Едва произнес я слова «одному из крупнейших немецких коллекционеров», как лицо старика чудесно преобразилось. Он все так же стоял выпрямившись посреди комнаты, но весь как-то просветлел, и черты лица его выражали величайшую гордость; он обернулся в ту сторону, где, как он предполагал, стояла его жена, будто желая сказать ей: «Вот видишь!» — и мягко, почти с нежностью, голосом, в котором не осталось и следа от грубоватости старого вояки, только что звучавшей в нем, а слышалась лишь чистая радость, обратился ко мне:
— Право же, это очень, очень мило с вашей стороны… но вы не пожалеете, что зашли ко мне… Я покажу вам несколько таких вещиц, какие не каждый-то день случается видеть даже в вашем спесивом Берлине… прекраснее нет ни в музее «Альбертине», ни в этом проклятом Париже…
Да, сударь мой, если целых шестьдесят лет заниматься коллекционированием, уж непременно откопаешь такое, что не валяется под ногами. Луиза, дай-ка мне ключ от шкафа.

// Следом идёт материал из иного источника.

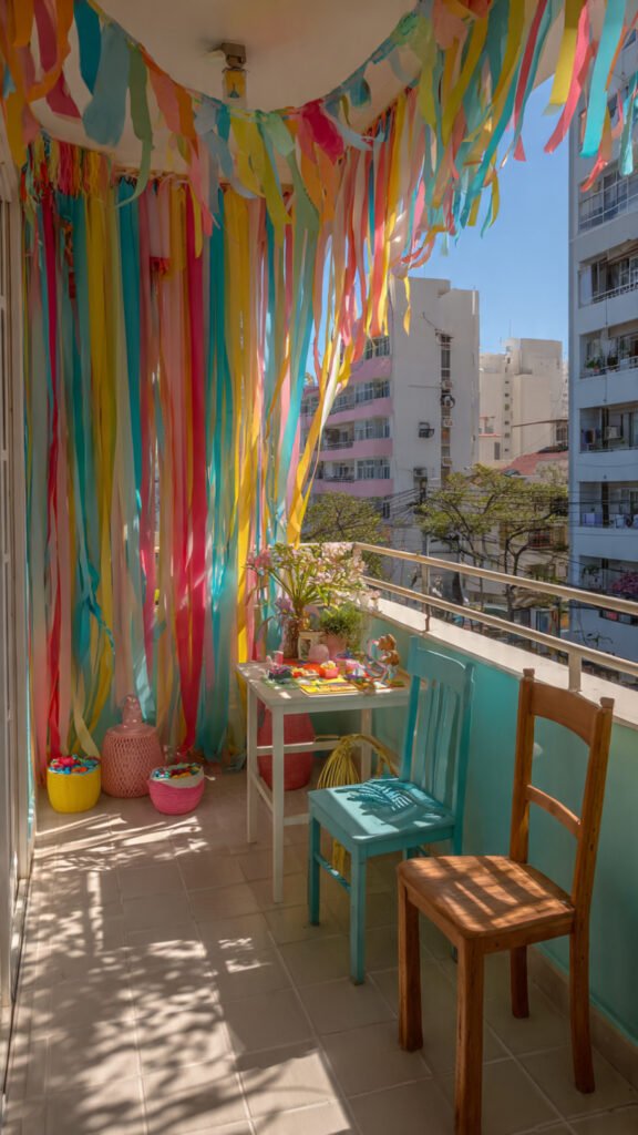 Crepe paper streamers are affordable and colorful. I love how they move with the breeze. The balcony feels lively and fun. Girls love watching them flutter. Doesn’t movement make spaces feel playful? It adds magic.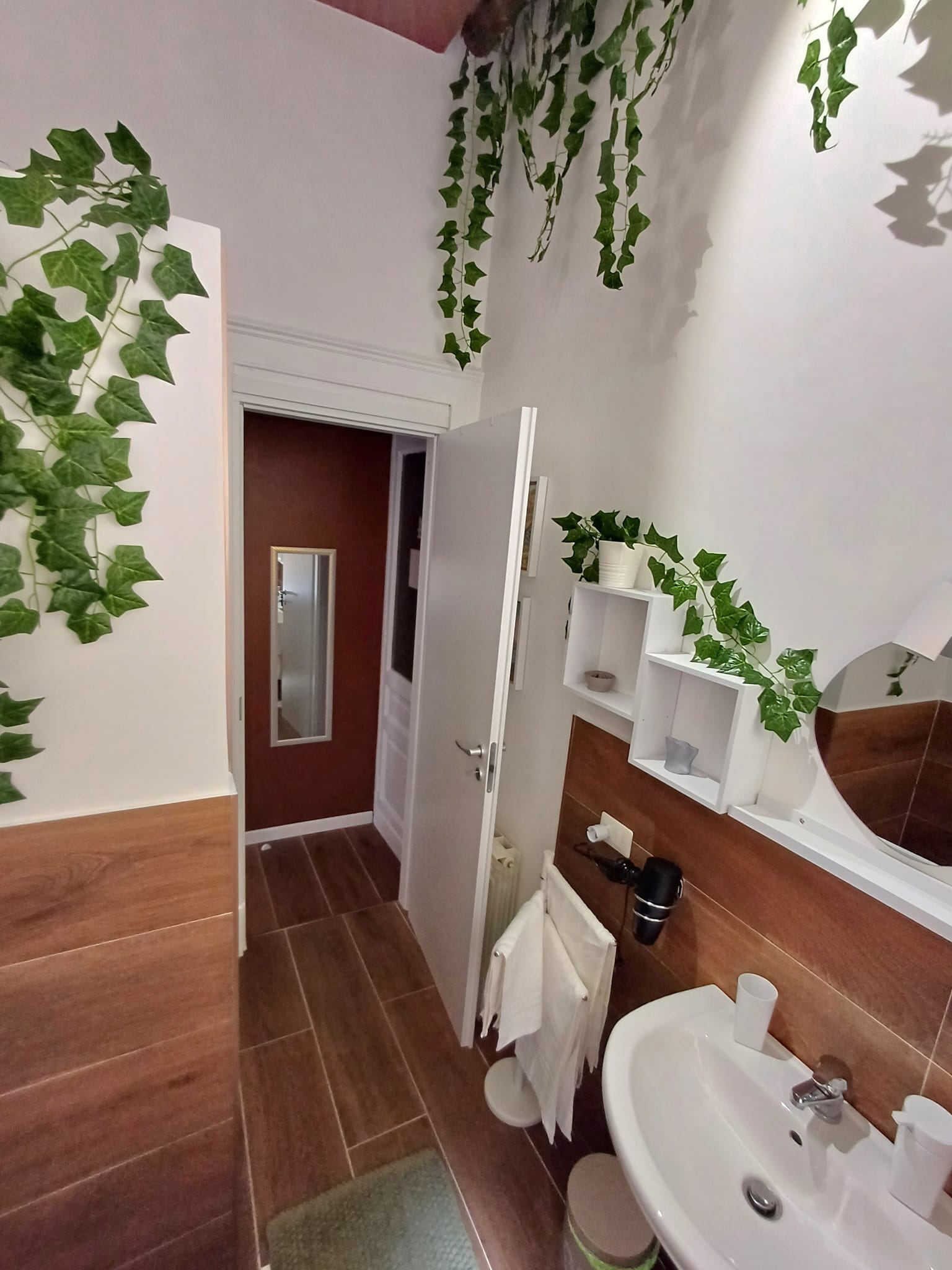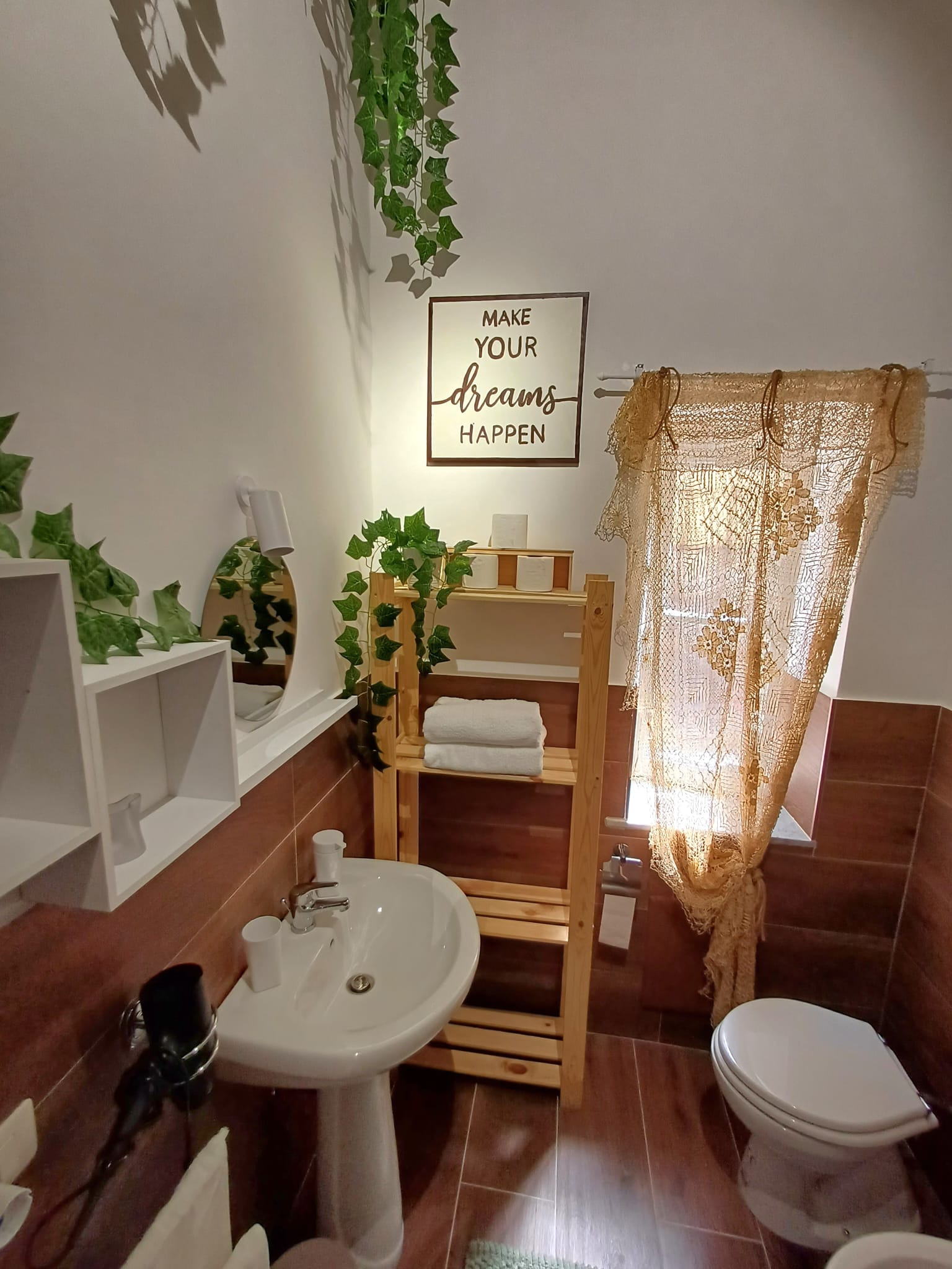 – Bagno privato con doccia, dotato di asciugacapelli e asciugamani

Но тут произошло нечто неожиданное: старушка, до сих пор молча стоявшая возле мужа, с дружелюбной улыбкой прислушиваясь к нашему разговору, вдруг умоляюще протянула ко мне руки и отрицательно затрясла головой; сперва я не понял, что бы это значило.
Потом она подошла к мужу и, ласково взяв его за плечи, сказала:
— Герварт, ты даже не спросил гостя, есть ли у него сейчас время осматривать коллекцию, ведь уже скоро полдень. А после обеда тебе надо часок отдохнуть, доктор настаивает на этом. Не лучше ли будет, если ты покажешь гравюры после обеда? А потом мы вместе выпьем кофе. Да и Анна-Мари придет к этому времени, а она гораздо лучше меня сумеет помочь тебе.
И снова, через голову ничего не подозревающего старика, она повторила свой настойчиво-просительный жест. Теперь я понял: старушка хотела, чтобы я уклонился от немедленного осмотра, и я тут же изобрел отговорку, сказав, что весьма польщен и буду рад осмотреть коллекцию, но меня ждут к обеду и я вряд ли освобожусь до трех часов.
Старик сердито отвернулся, как обиженный ребенок, у которого отняли любимую игрушку.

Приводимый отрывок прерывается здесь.